A determinate historical situation is characterized by a variegated multiplicity of conflicts; and every conflict involves the presence of a multiplicity of individuals and classes who express different, opposing interests and ideas. To analyze and get one’s bearings in such a complex situation, it is necessary to examine not only the internal configuration of each contradiction, but also how they interact and are structured in a concrete totality. Mastering this is a challenge theoretically, as well as politically. 23
To identify the principal contradiction at a certain point in history, we must consider more than the general, abstract contradictions. Contradictions such as “productive forces vs. relations of production,” “proletariat vs. bourgeoisie,” and “imperialism vs. anti-imperialism” usually do not cause much controversy among Marxists. Disagreements begin when we move from general to specific contradictions and when we need to identify the principal contradiction at a given time and place, the contradiction with the highest revolutionary potential. Note that Mao speaks of “finding” the principal contradiction in the quote above. This cannot be done by theoretical speculation. Contradictions are concrete phenomena: they reveal themselves in economic developments, in political action, and popular movements.
As I emphasize the global perspective and the principal contradiction, it is important to underline the dialectic. The world-level theory and universal trends consist of all the particularities. It is through the particular and local that we can act. We need to see how the principal contradiction is created and formed by the multitude of particularities and how the principal contradiction determines the outcome of particular contradictions.
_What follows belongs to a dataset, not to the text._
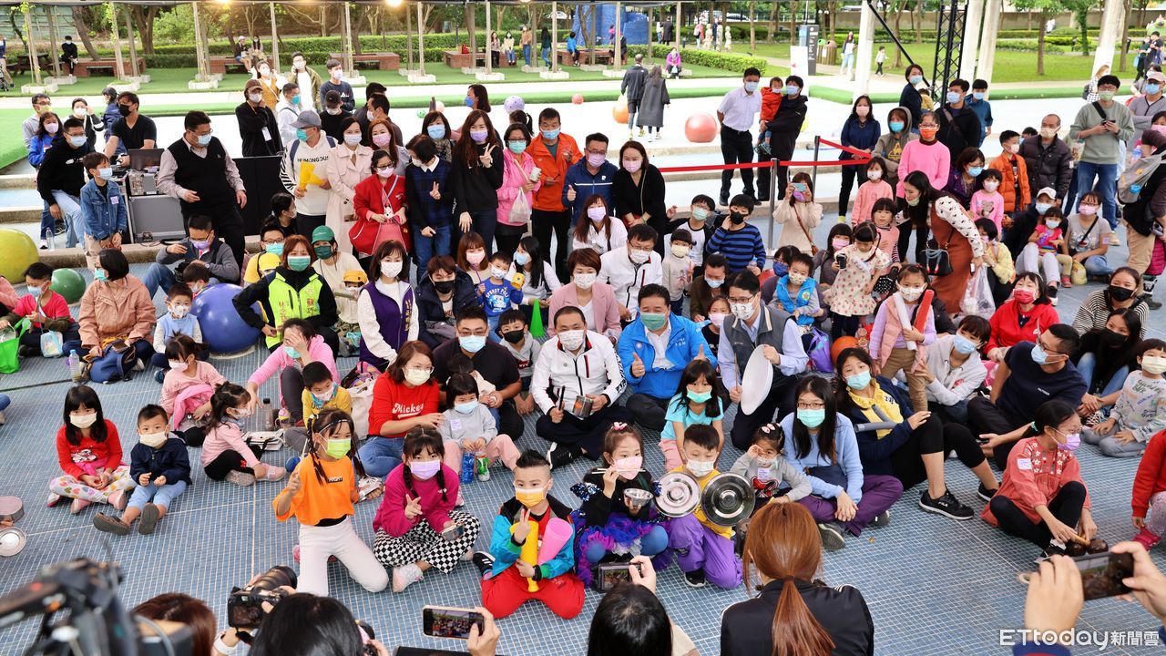 ▲2021鶯歌藝術季「後藝新生活」,侯友宜與百民眾體驗亂打敲幸福。(圖/新北市文化局提供,下同)

This is not only a theoretical issue. The grand theory of the global perspective without the dialectical understanding of the relation to the particular is of no practical use. It may give you pleasure in “understanding how the world works” and a platform from which to voice how un- just and unequal the world is and how it needs to be changed. However, “grand theory” alone offers no viable path toward an effective praxis. The meaning of seeing things as an interconnected whole lies in the ensuing capacity to act in line with reality thus understood. The purpose of identifying the principal contradiction is to intervene in it. It is the conscious capacity of seeing the world system as a process, and of under- standing the direction and the eventual goal of that process. We cannot create contradictions, but we can influence the aspects of existing ones so that the contradictions move in a way that serves our interests. Identifying the principal contradiction tells us where to start.
To sum up: in the historical analysis in Part II, I will examine how the general contradiction—productive forces versus relation of production—manifests itself in the specific revolutionary process on the national level. Moreover, I will examine how these national and regional contradictions interact with the changing principal contradiction on the global level. Historical changes happen in qualitative leaps. The productive forces change constantly, and with them, power relations between classes. Eventually, this leads to tensions that shatter the framework of the old society and make way for a new one.
To then analyze the transition from capitalism to socialism, I have to specify the very concept of socialism.
Chapter 2: What is The Difference Between Capitalism and Socialism?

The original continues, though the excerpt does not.